I think our most important job as County Supervisors is to protect those who would have no voice without us, particularly our children. Over the last two years, I have been focused on the issue of young girls, some even 10 years-old, who are being sexually exploited for money by pimps. Once again, it’s Los Angeles County at the forefront of this fight. I’m proud of what we have been able to accomplish so far in spreading the word and getting these girls the critical services they need to survive. But over the next year, I want this County to remain vigilant and aggressive about preventing this horrific crime and helping the young girls who are able to survive. Like the Safe Surrender program, this is an all-hands-on-deck issue. It’s not just DCFS or Probation: it’s all of us.
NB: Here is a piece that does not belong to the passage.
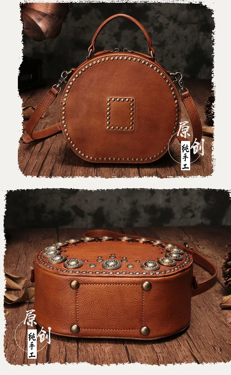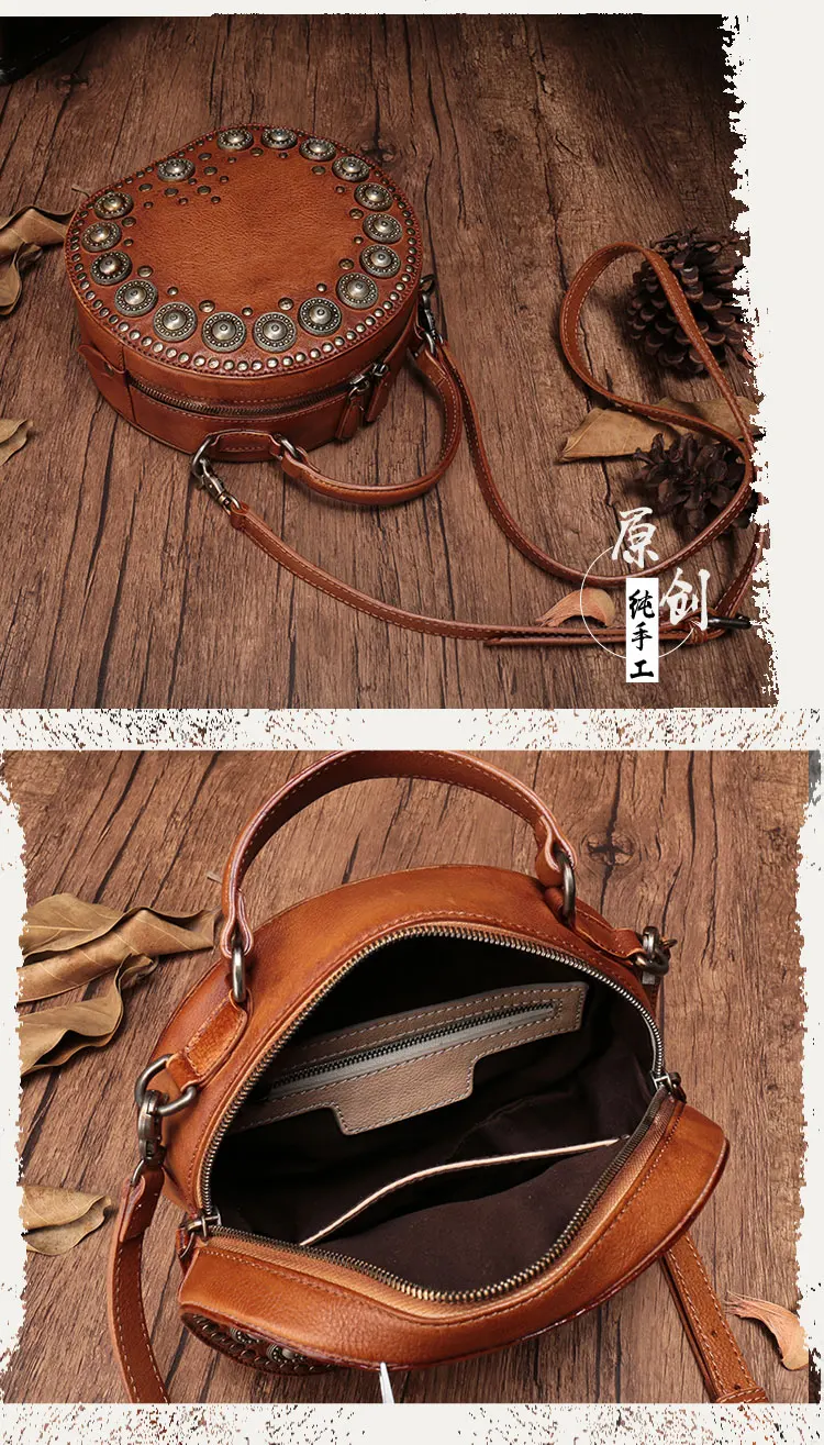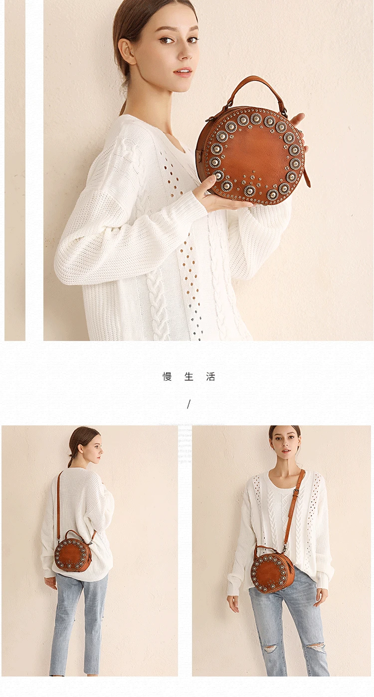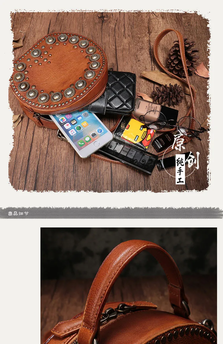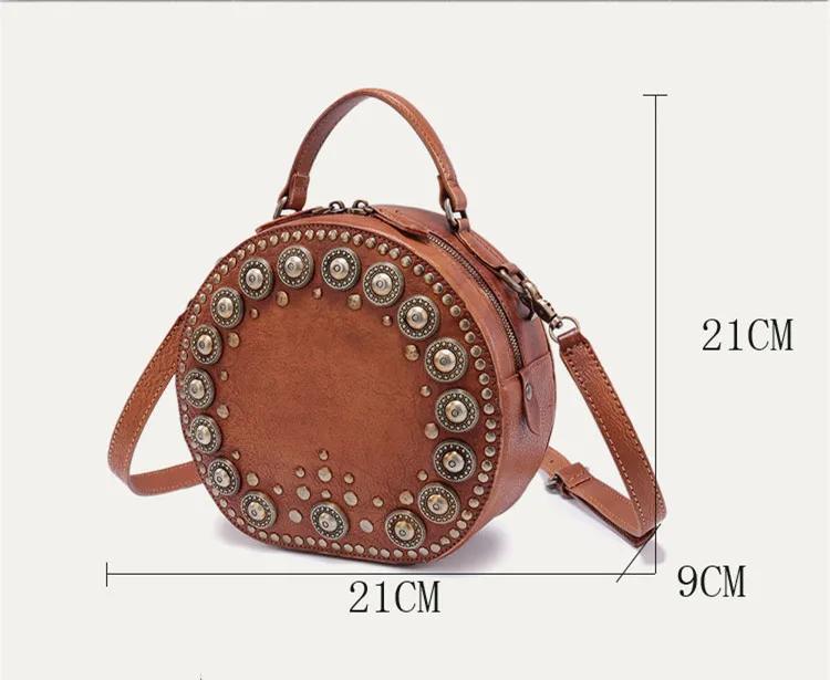 Vintage Leather Women Handbag Diagonal Cross-body Bag Female 2020 New Small Shoulder Bag Messenger Bags Retro Round Wild Leather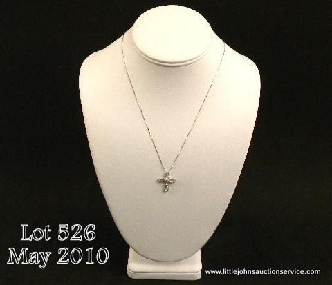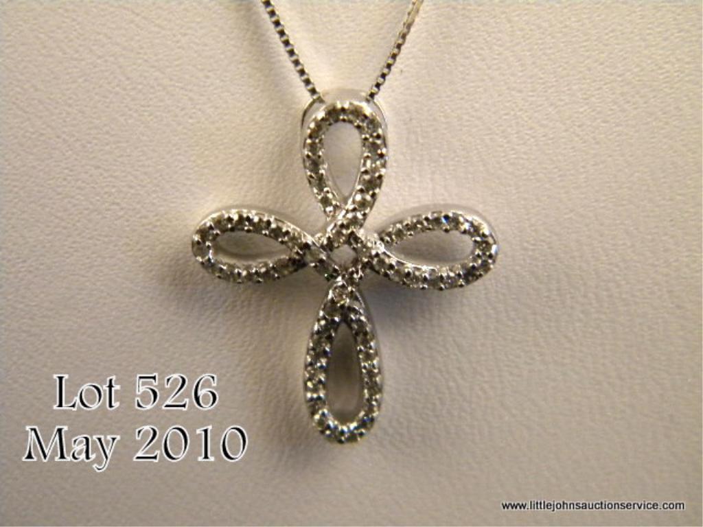 One diamond cross pendant with chain in 14kt white gold and set with 0.26 ct of diamonds. Est. $550-$850.

We are the largest county in the nation. When it comes to public policy, our voice is amongst the loudest. We have 39 departments, working to meet the needs of 10 million residents. I know how hard our employees work, often in very challenging environments, under extraordinary pressures. But sometimes I think we get caught-up in our own challenges, without stepping back to look at the big picture. I’ve said it before and I will say it again: County departments become too close-minded and get tunnel vision because they do not communicate with other departments.
Each department works within its own silo, and oftentimes spend time, energy, and funds to meet the same outcomes. One probation officer’s parolee could be a social worker’s client. We all serve the same population.
To tear down these silos and encourage our departments to work together, I am establishing the “Chairman’s Challenge.” At the end of the year, an award will be given to the two or more departments that work together to develop and implement an innovative program or initiative that helps us meet the needs of our residents in a way that we haven’t always done things. Fresh. New. Not what people expect from government.
As Albert Einstein once said, “We cannot solve our problems with the same thinking we used when we created them.”
We have an opportunity to write a new chapter of County government that will be smarter, more efficient, better serving, and easier to work with. We can leave this County in a better place.
We have a lot of work to do to get to where we want to be. And the work starts now.